A case–control study often compares the prevalence of a specific disease among persons with normal alleles and persons with variant alleles, which generates an odds ratio (OR). The most common type of allele variation, single-nucleotide polymorphism, consists of a major allele (M) and a minor allele (m). Thus, the genotype can be a major allele homozygote (MM), a heterozygote (Mm) or a minor allele homozygote (mm). Odds are given for each genotype, and a pair of odds generates an OR (Table 1). Summarizing data using two-by-two contingency is the simplest method of estimating an OR. Therefore, the three kinds of genotypes are often transformed into two variables. For example, a dominant model compares MM versus Mm + mm, and a recessive model compares MM + Mm versus mm. An over-dominant model assumes the heterozygote has the strongest impact and compares MM + mm versus Mm. On the other hand, co-dominant models including additive and multiplicative models hypothesize that MM, Mm, and mm are associated with the lowest, the intermediate, and the highest risk, respectively, or they are associated with the highest, the intermediate, and the lowest risk, respectively (Thakkinstian et al., 2005, Attia et al., 2003). While these models above discuss a subject-level phenomenon, the allelic model evaluates the impact of individual alleles on the disease. This allelic model produces an OR similar to that estimated from the multiplicative model (Thakkinstian et al., 2005, Attia et al., 2003).
Table 1.
Genotypes, odds and odds ratio (OR).
MM | Mm | mm | |
---|---|---|---|
Number of cases | a | b | c |
Number of controls | d | e | f |
Odd | a/d | b/e | c/f |
M: Major allele.
m: minor allele.
MM: homozygote of major allele.
Mm: heterozygote.
mm: homozygote of minor allele.
a, b, c, d, e, f: number of subjects.
We defined OR1 and OR2 as follows:OR1 = oddMm / oddMM = bd / aeOR2 = oddmm / oddMm = ce / bf.

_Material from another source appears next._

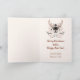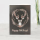 Este cartão de Natal elegante e não fotográfico tem uma ilustração de arte em aquarela desenhada à mão de um belo cervo dentro de uma grinalda botânica e "Boas Festas", em cores contemporâneas para um visual moderno e rústico da natureza. Dentro há outro desenho artístico de cervo com folhas e frutos, acima de "Feliz Natal e um Feliz Ano Novo", "Desejos sinceros" e o seu nome em texto manuscrito. Família e amigos vão amar este simples design de inverno florestal.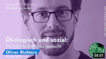 - 24. November 2020, 15:05 bis 16:05 Uhr: Online-Vortrag von Oliver Richters in der Public Climate School von Students for Future (Youtube).

Therefore, oddMm = b / e = oddMM × OR1ori oddmm = c / f = oddMM × OR1ori × OR2ori.
Traditionally, researchers used to calculate ORs using many models and then select the best model from among these calculated ORs (Thakkinstian et al., 2005, Attia et al., 2003). This may increase the possibility of type I error due to multiple comparisons (Bagos, 2013). Therefore, we should choose the best model before calculating the OR for each model. Although model selection for genome-wide study was explained by Bagos (Bagos, 2013), another method for model selection for case–control study has been anticipated. In this article, we will discuss how to choose the best model among many subject-level models when evaluating the impact of the MM/Mm/mm genotype on the disease prevalence.
Methods and examples
In this article, for the additive model, we supposed the impact of Mm allele was estimated from the additive mean of impacts of MM and mm alleles. Similarly, for the multiplicative model, we supposed the impact of the Mm allele was estimated from the multiplicative mean of impacts of the MM and mm alleles. Although we knew that some researchers use the wording “log-additive model” instead of “multiplicative model” which is defined above and the wording “additive model” instead of “multiplicative model” which is defined above, we did not use these wordings for the current article.
Commonly used models
The most commonly used five subject-level gene models are recessive, multiplicative, additive, dominant, and over-dominant models (Thakkinstian et al., 2005, Attia et al., 2003). Each of the five models was originally defined using the relationship among oddMM, oddMm, and oddmm. Using the formulas in legends of Table 1, we can obtain the relationship between OR1 and OR2 for each model.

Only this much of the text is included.